At dusk, we fell in ready for the night's work. Our first job was to march three miles and do a short patrol exercise in which we fired three rounds. It struck us all as being a tragedy to dirty our rifles for the sake of three shots, but we had not been in the Army long enough to practice many of the old soldiers tricks.
Our next task was an eight mile march. At the end of this, we were just beginning to think that it had ceased to be fun when we had to start digging slit trenches. This is a surprisingly difficult task for novices in the dark.

Very tired and very sore, we set off back to
our billet, a march of some six miles, arriving about four in the morning. A drink of hot Army cocoa was ready for us.
We all lined up in single file, each man undoing the pack in front of him, to get his friend's mess tin. I had not realised I was the last in the queue. At first not surprised when I felt my pack being undone, it suddenly struck me as odd. I turned round.
The Major, second in command of the battalion, handed me my mess tins. What lovely surprise.

By forbidding us to smoke: the Company Commander saved the Country importing 150 cigarettes, much to our disgust. So, with a struggle, we heaved off our boots and got into the blankets, only to be dragged out two hours later for a 'stand-to'.

Shaving in a mess tin full of ice cold water was quite a new experience. I might also say a useless experiment for the novice as regards arresting the growth of a beard. What it did teach us is there is usually some way of heating water.
We cooked our own breakfast and, as bacon does not need any great technical knowledge, we all got a reasonable meal.

It was a change to march back to the digging area in daylight after having only done it at night. Most of us were not interested, we felt tired physically and as if we had a hangover mentally. We had a look at our tiny slit trenches of the previous night and hastened to fill them is before anyone should see them.

Once more we were back on the road marching down to the Army School of Hygiene. Everybody was hoping for a lecture; but, alas, we had to walk round admiring field latrines and viewing different methods of keeping flies away. We stood, watched, and listened, our legs and feet already in a bad way getting worse.
We would love to have paused for a few minutes. After an hour or so at this we were back on the road, arriving in camp a crowd of scruffy dirty specimens of humanity just in time for lunch.

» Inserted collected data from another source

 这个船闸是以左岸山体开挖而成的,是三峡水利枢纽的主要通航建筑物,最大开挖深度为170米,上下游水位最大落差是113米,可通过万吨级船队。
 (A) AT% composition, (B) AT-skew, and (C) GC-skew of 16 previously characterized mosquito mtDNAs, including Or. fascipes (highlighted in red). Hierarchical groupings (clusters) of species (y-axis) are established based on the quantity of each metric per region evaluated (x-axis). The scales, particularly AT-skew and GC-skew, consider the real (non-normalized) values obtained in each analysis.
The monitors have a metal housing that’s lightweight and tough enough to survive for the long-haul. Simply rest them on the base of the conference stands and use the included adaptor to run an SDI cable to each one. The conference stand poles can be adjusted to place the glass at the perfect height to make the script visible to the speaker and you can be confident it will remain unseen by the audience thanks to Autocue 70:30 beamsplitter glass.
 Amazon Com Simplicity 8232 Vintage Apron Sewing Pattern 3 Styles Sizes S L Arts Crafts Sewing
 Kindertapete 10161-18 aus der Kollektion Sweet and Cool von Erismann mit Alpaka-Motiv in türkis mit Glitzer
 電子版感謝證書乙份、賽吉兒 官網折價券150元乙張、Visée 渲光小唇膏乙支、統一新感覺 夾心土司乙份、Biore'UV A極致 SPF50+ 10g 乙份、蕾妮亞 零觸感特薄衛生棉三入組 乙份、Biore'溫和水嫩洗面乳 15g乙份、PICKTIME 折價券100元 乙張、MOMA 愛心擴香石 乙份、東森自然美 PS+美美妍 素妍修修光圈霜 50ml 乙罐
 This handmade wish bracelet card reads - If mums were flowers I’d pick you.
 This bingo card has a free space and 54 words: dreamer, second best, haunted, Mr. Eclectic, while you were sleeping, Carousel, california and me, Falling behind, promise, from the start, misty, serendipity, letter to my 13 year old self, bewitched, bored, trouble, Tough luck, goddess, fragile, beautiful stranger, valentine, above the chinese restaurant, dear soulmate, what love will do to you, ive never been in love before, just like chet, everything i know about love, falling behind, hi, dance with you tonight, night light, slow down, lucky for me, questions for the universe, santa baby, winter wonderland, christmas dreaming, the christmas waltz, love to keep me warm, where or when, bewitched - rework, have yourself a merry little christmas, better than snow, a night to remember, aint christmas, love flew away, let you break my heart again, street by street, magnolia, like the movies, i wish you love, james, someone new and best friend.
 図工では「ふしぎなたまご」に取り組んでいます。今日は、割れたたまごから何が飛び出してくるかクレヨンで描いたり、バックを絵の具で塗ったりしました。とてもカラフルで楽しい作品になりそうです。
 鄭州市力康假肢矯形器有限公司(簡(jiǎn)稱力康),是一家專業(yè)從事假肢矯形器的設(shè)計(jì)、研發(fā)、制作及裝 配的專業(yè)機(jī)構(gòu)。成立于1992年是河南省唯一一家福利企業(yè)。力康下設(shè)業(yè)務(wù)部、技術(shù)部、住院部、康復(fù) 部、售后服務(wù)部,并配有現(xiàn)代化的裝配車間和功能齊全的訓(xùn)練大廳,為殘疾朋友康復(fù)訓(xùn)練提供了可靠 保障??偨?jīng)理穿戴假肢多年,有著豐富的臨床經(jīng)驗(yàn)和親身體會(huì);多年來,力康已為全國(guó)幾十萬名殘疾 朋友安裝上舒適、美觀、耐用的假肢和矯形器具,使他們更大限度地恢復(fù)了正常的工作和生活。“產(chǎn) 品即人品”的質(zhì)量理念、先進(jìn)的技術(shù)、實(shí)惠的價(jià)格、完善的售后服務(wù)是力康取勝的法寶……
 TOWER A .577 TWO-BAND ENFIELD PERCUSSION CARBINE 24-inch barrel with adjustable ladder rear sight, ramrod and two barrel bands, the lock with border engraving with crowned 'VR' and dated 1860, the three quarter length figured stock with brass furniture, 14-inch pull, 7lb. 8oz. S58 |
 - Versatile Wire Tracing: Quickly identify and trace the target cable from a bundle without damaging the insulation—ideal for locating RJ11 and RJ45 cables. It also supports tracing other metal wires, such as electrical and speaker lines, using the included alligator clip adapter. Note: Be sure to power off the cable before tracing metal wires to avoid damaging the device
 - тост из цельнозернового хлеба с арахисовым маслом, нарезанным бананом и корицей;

No. Surely No, but yes, it must be brasses clean, back and front, boots polished, shaved, even necks clean. Yes, there we were on parade as usual the next morning.

By now we were getting to know the permanent staff
of the 29th Training Battalion.
The Sergeant in charge of the other half of the platoon had served with' 'The Green Howards' in the Middle East.

On Saturday nights, when he had enjoyed himself, he was won't to start singing. This Was his heartfelt favourite which he used to sing with great feeling.

You've heard of a place called Benghazi
'Neath the heat of the Lybian sun.
For there lies a poor English swadi,
His duty for England is done.
And as on his side he lay dying,
these his last words he did cry,
Bury me out in the Desert,
In the heat of the Lybian sun,
For my duty for England is done.

Little did I realise, that I would later be privileged to offer the token of identification to some of these poor men, as we moved them to Military Cemeteries, still 'under the heat of the Lybian sun'.

On a light hearted breathe, the other junior leader of that platoon was a great big shiney Corporal in the Manchester Regiment, a heavy machine gun regiment (Vickers water-cooled machine guns).

His cry was:

Little fly upon the wall,
Ain't you got no clothes atall,
What, no shimmy, no shirt, no vest, no skirt.
Gee, you must be cold.

Still makes me smile.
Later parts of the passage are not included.